= Limiting case (philosophy of science) =

In the philosophy of science, under the correspondence principle, a limiting case theory is an earlier theory which becomes incorporated into a later, usually broader theory; that is to say, the earlier (limiting case) theory proves to be a special or limited case of the later theory. Technically, a theory is said to be a limiting case of another, later theory when and if the later theory subsumes the theoretical relations and apparent referents of the earlier one. For example, physicists agree that classical mechanics constitutes a low-energy limiting case of relativity theory.

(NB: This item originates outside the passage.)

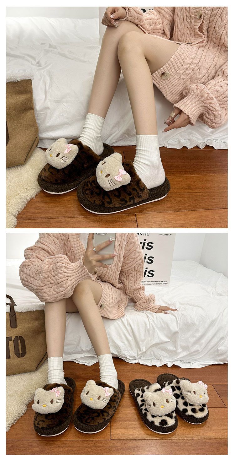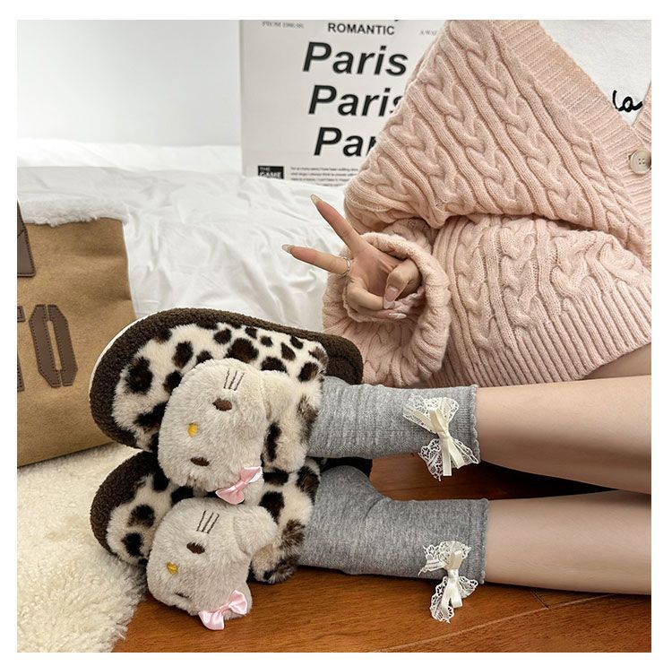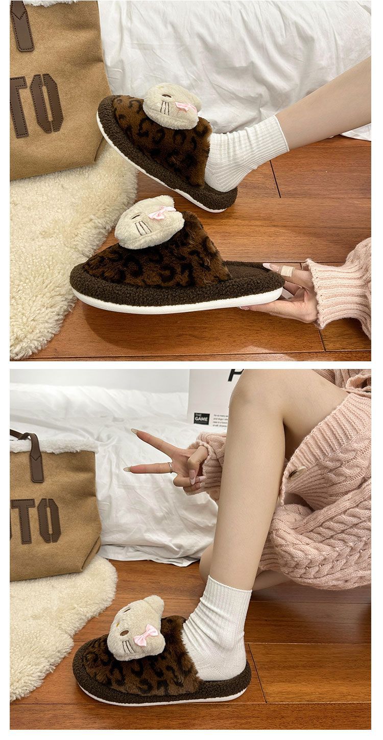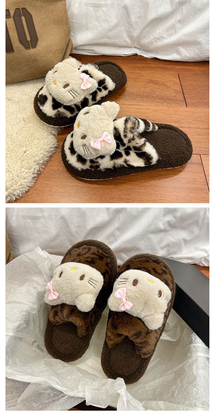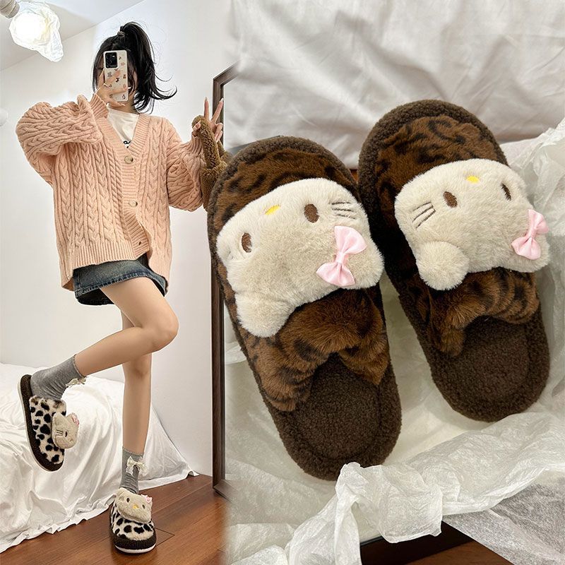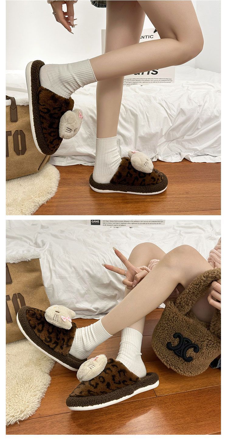 Симпатичная мультяшная кошка хлопчатобумажные тапочки женщина 2024 зима новый внешний вид, чтобы носить толстую подошва дома теплая и бархатная головка

In words of Larry Laudan, realist philosophers use this phrase in the sense that the theory "T_{1} can be a limiting case of [the theory] T_{2} only if (a) all the variables (observable and theoretical) assigned a value in T_{1} are assigned a value by T_{2} and (b) the values assigned to every variable of T_{1} are the same as, or very close to, the values T_{2} assigns to the corresponding variable when certain initial and boundary conditions—consistent with T_{2}—are specified".

The idea that a theory (in our previous example, Newtonian mechanics) that is close to being true (i.e., that is verisimil) converges as a limiting case into a superior theory (in this example, relativistic mechanics) can be an argument for scientific realism, as the theoretical entities postulated by the previous theories are still considered existent (if one assumes semantic realism, they are considered existent because they are referred to) in the successor theories.